Mascoma’s cellulosic-ethanol pilot plant in Rome, NY, showed that a promising technology worked. But a shortage of investors has hampered plans for a commercial-scale plant.
When the biofuels startup Mascoma launched in 2005, it hoped to capitalize on technology that would produce ethanol from wood chips and other plant waste in an efficient one-step process.
Mascoma secured $30 million in financing by 2006 and began building a 200,000-gallon-per-year pilot plant in Rome, NY, the following year. In 2008, the company heralded new research advances toward genetically engineered bacteria that could thrive at high temperatures. Using them made it possible to reduce by 60 percent the quantity of costly enzymes needed to degrade cellulose into fermentable sugars. The company announced plans to build one of the first commercial-scale cellulosic-ethanol plants, in Kinross, MI; it would be able to produce 80 million gallons per year.

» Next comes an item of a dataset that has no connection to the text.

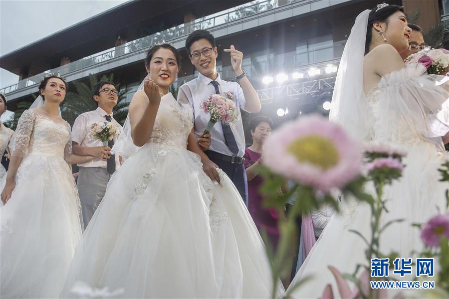 6月6日,新人在海南博鰲樂城國(guó)際醫(yī)療旅游先行區(qū)參加集體婚禮。 新華社記者 張玉薇 攝

But as of the summer of 2010, Mascoma had yet to begin construction. Simply put, nobody would lend it the money for a production plant whose product would compete with relatively cheap oil. “The bottom line is, these are high-risk, first-of-kind plants,” says Mike Cleary, director of the National Bioenergy Center at the National Renewable Energy Laboratory in Golden, CO. “Getting banks to loan them money is hard.”
Mascoma received $49.5 million from the U.S. Department of Energy and the state of Michigan to finance its cellulosic-ethanol operations, and that funding has been earmarked for the Kinross plant. But Alan Belcher, Mascoma’s senior vice president of operations, says the company would need more than $100 million to build that facility.
A viable future for cellulosic ethanol will require changes in government policy, says Belcher. An existing federal mandate caps the amount of ethanol blended with gasoline in auto fuel at 10 percent of the total mixture. Existing production capacity for corn ethanol can already meet the resulting demand, which amounts to 13.5 billion gallons a year. Right now, there’s really no room for any more ethanol on the market, no matter how it’s produced. At the least, the blend limit must be raised; then a different set of federal mandates, dictating minimum use of advanced biofuels such as cellulosic ethanol, can kick in and provide a market for Mascoma’s product, Belcher says.
Mascoma currently hopes to break ground at Kinross in 2011. The goal is to begin production at 20 million gallons of ethanol per year, using 500,000 tons of hardwood pulpwood as feedstock. But to get there, great technology simply won’t be enough.